And what the heck does "explodering" mean? Seriously, I have no clue.

Nenonen
Oct 22, 2009
Probation
Can't post for 6 hours!

xthetenth posted:

I'm pretty sure I remember that as well as one being a mild steel prototype and jumping it better. I think that was Arnhem.

It was a Cromwell troop, and the crossing wasn't planned for - according to the account two of the tanks made it across the canal but the third one hit brakes and fell in. I have no idea if the story is true or plausible, it sounds all kinds of fantastic to me, but there you have it. The mild steel bit was about the armour merely bending instead of flaking when hit by German AA guns, yet another bit that sounds a bit doubtful. But veterans never tell tall tales so it must be all 100% true!

feedmegin
Jul 30, 2008

Alchenar posted:

The other thing is that the vast expansion of the US merchant marine fleet occurred as European merchant fleets vanished from the oceans (for obvious reasons), so the US had a period where it had relatively free reign to muscle in on trade routes.

And also, e.g. trade and investment within South America, a lot of which was British in the late 19th century. Defending democracy for the whole duration of two world wars (ok, yes, p arguable for the first one but still) as a nation heavily focussed on manufacturing exports and maritime trade did a serious number on Britain's economy in the end, to American businesses' benefit.

Nebakenezzer
Sep 13, 2005

The Mote in God's Eye

Fangz posted:

Ultimately there's an usual meaning for productivity in the literature and in the US over WWII it increased a lot. I'm not super interested in the semantic argument.

What is your argument, anyway? I don't get what you want to say.

P-Mack posted:

It's an interesting question to consider how the 16th/17th century European economy would have handled the potential deflation without all the gold and silver from the new world. Fewer wars? More? I dunno.

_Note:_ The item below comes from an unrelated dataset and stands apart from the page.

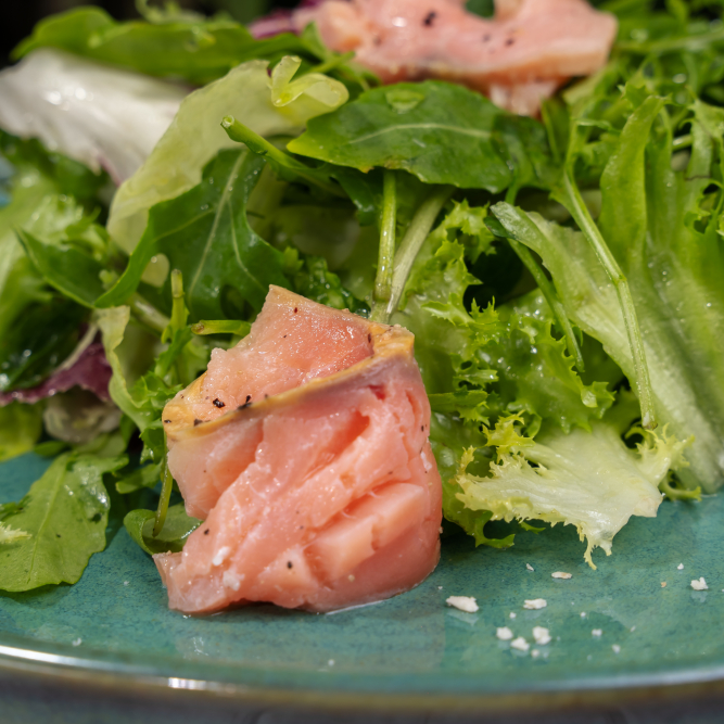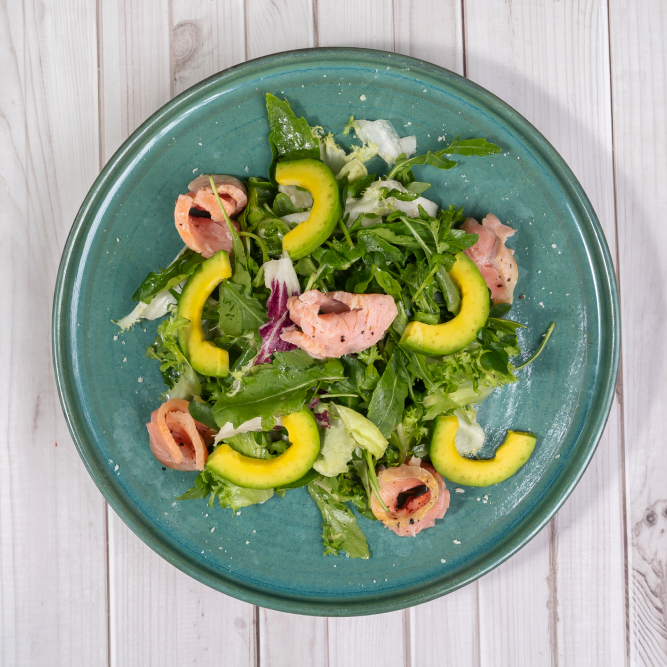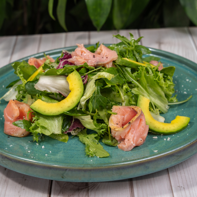 Home Salad Salmon, Avocado Salad with Ricotta Cheese

I *think* that's a negatory, good buddy. I hope to understand this a little better once I get back to "A European tragedy", but it seems that even with gold as money being true, the heads of Europe were not constrained by this. Because bankers were actually able to deficit finance the Holy Roman Emperor (etc.) cash was a matter of good credit rather than actually having the money. The real restricting factor was how much more money you were likely to have rolling in the next year or two. I guess if Spain didn't have literal gold mines in the new world, they would be more restricted in their credit - though people who know better than I would have to say if that'd prevent any actual wars.

feedmegin posted:

And also, e.g. trade and investment within South America, a lot of which was British in the late 19th century. Defending democracy for the whole duration of two world wars (ok, yes, p arguable for the first one but still) as a nation heavily focussed on manufacturing exports and maritime trade did a serious number on Britain's economy in the end, to American businesses' benefit.

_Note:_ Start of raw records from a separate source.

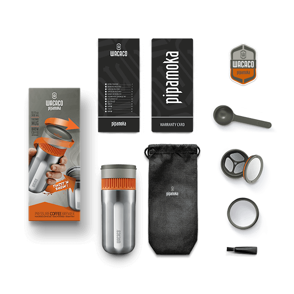 Brew and drink from a single device with the Pipamoka all-in-one nomadic coffee maker. Simple, sturdy, and brilliant pressure brewer, it becomes super easy and quick to fuel your days and enjoy hours of hot, freshly-brewed coffee during your commutes, work hours, or adventures. Designed and engineered by Wacaco, Pipamoka packs every tool you need to prepare and enjoy a perfectly balanced coffee. A new experience distilled right into your cup, anytime, anywhere.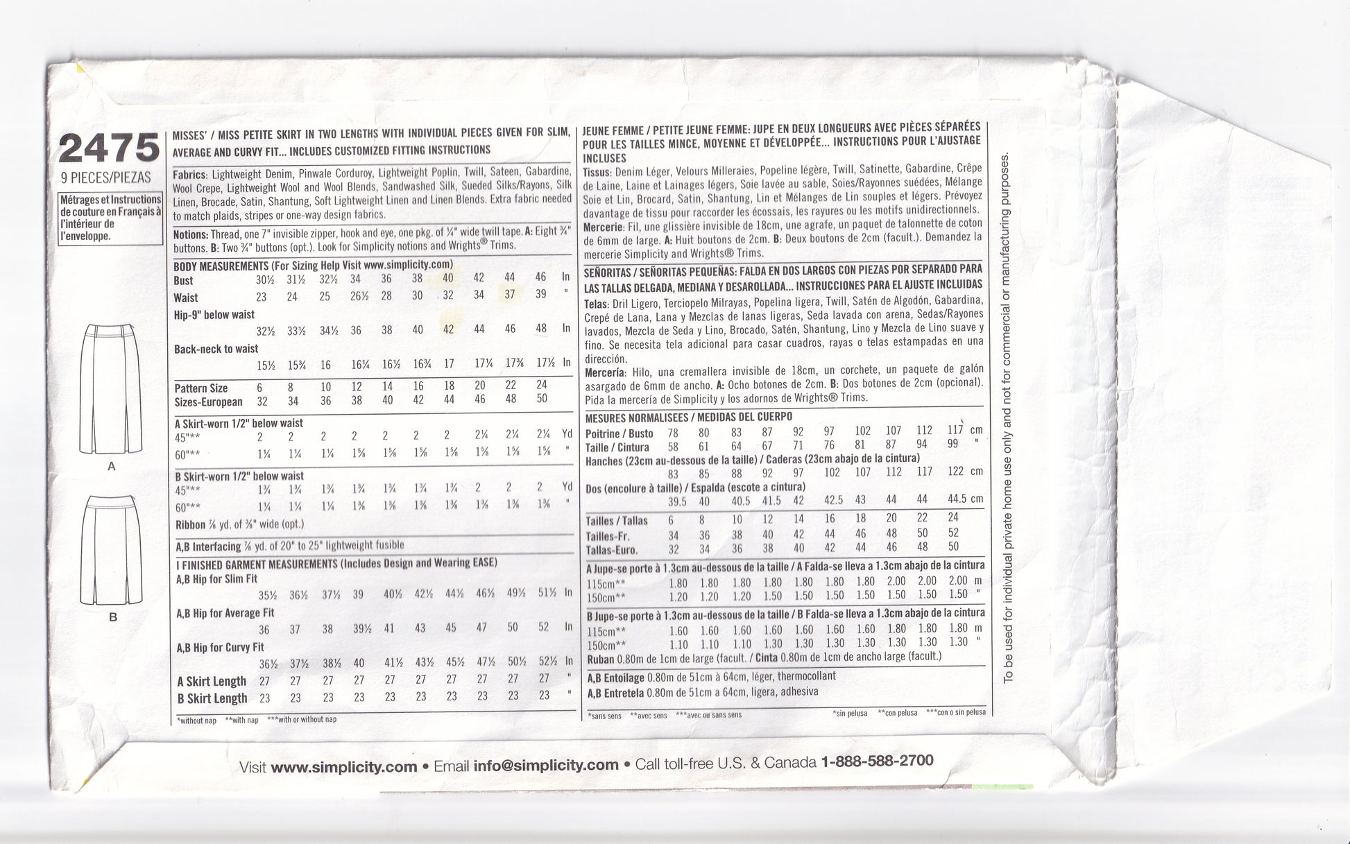 Misses' & Miss petite skirt sewing pattern in two lengths with individual pieces given for slim, average, and curvy fit.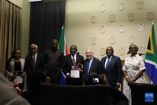 11月4日,在南非立法首都开普敦,二十国集团应对全球不平等问题特别独立专家委员会主席、诺贝尔经济学奖得主约瑟夫·施蒂格利茨(右三)和专家委员会成员向南非总统拉马福萨(右四)提交关于全球不平等问题的报告。新华社发(沙姬拉·泰比摄)
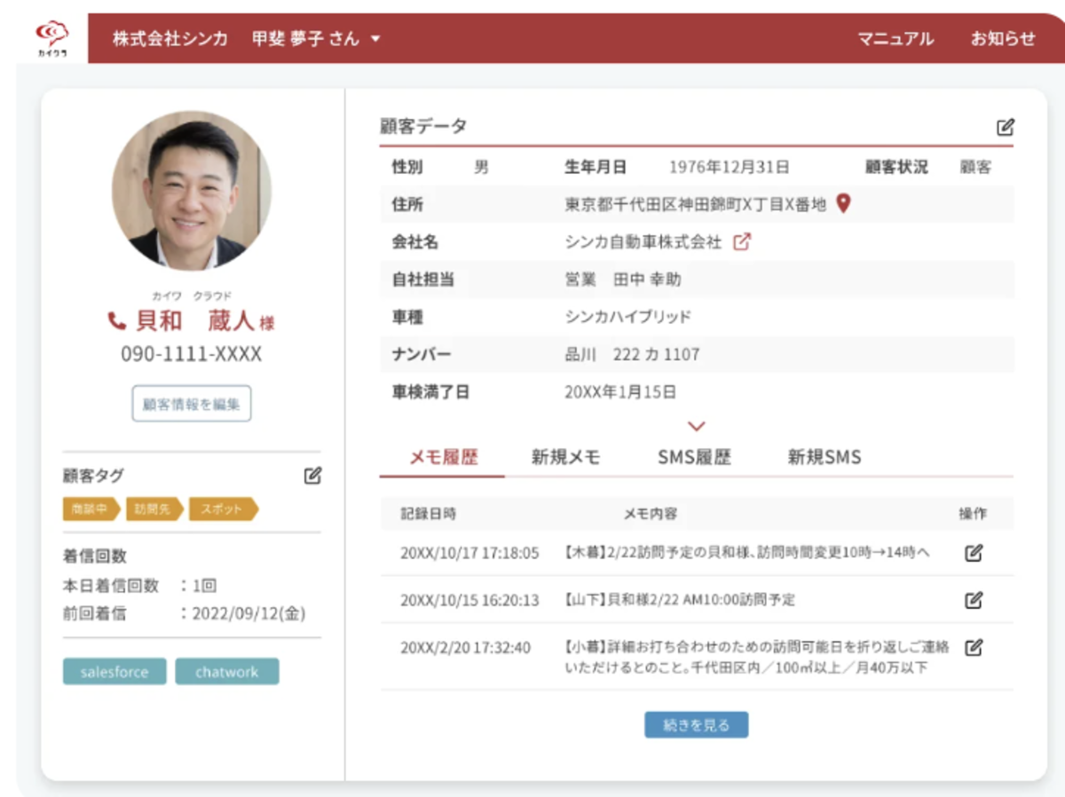 カイクラ導入後は、受電と同時に顧客情報を確認できるようになり、予約対応が格段にスムーズになりました。メモ機能によって、誰が誰に電話したのか、どの用件だったのかが一目でわかるようになり、社内を探し回る必要がなくなっています。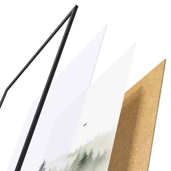Plakāts sastāv no rāmja, pleksstikla, iespiestā attēla un skaidu plātnes pamatnes. Plakātu var uzreiz piekarināt pie sienas, pateicoties aizmugurē esošajiem stiprinājumiem.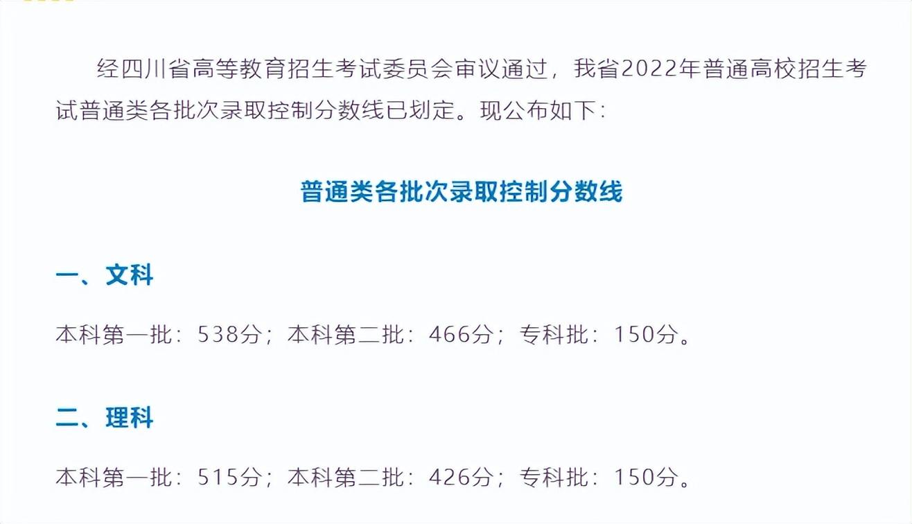 刚刚,四川省公布2022年高考录取控制分数线,详情如下: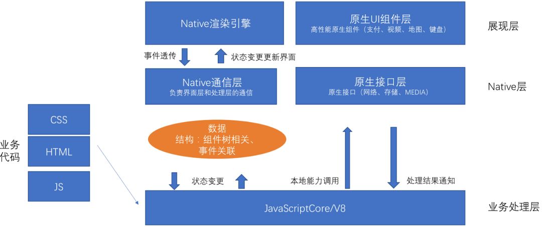 开发者编写的代码在虚拟机(V8、JavaScriptCore)里面运行,虚拟机容器里面包含扩展的系统基础接口。运行时,将描述界面的数据(主要是 CSS+DSL 所描述内容)通过通信层传递给 Android、iOS 端的渲染引擎,用户触摸界面时,通过通信层传递给虚拟机里面的业务处理代码,业务处理代码可能调用网络、储存与媒体等接口,最后再次反馈到界面。

The economic decline of Britain is tangled up in these things, but it's actually even more complected then that. The British after the first World War did a number on themselves through aggressive budget austerity measures. While the socialist government after WW2 obviously did a lot of important things, keeping much of the economy "managed" was a mistake IMO. Then you have the surprisingly negative impacts of consolidation in prominent industries, the decline in industries that the British were world leaders in (like steam boilers), the infiltration of UK auto unions by KGB agents...it's a big ball of wire that I find fascinating but is admittedly very difficult to untangle thanks to its interconnected-ness.

bewbies
Sep 23, 2003

Fun Shoe
I've always kind of felt like the ACW vaulted the US from "growing third rate backwater" into a major global industrial and military power but I guess I don't really have numbers to back up this perception.

Kopijeger
Feb 14, 2010
Seems more like the industrial expansion in the post-ACW era was what made it a major industrial power, but it wouldn't have been considered a major military power until WWI at the earliest.

Fangz
Jul 5, 2007

Oh I see! This must be the Bad Opinion Zone!

Nebakenezzer posted:

What is your argument, anyway? I don't get what you want to say.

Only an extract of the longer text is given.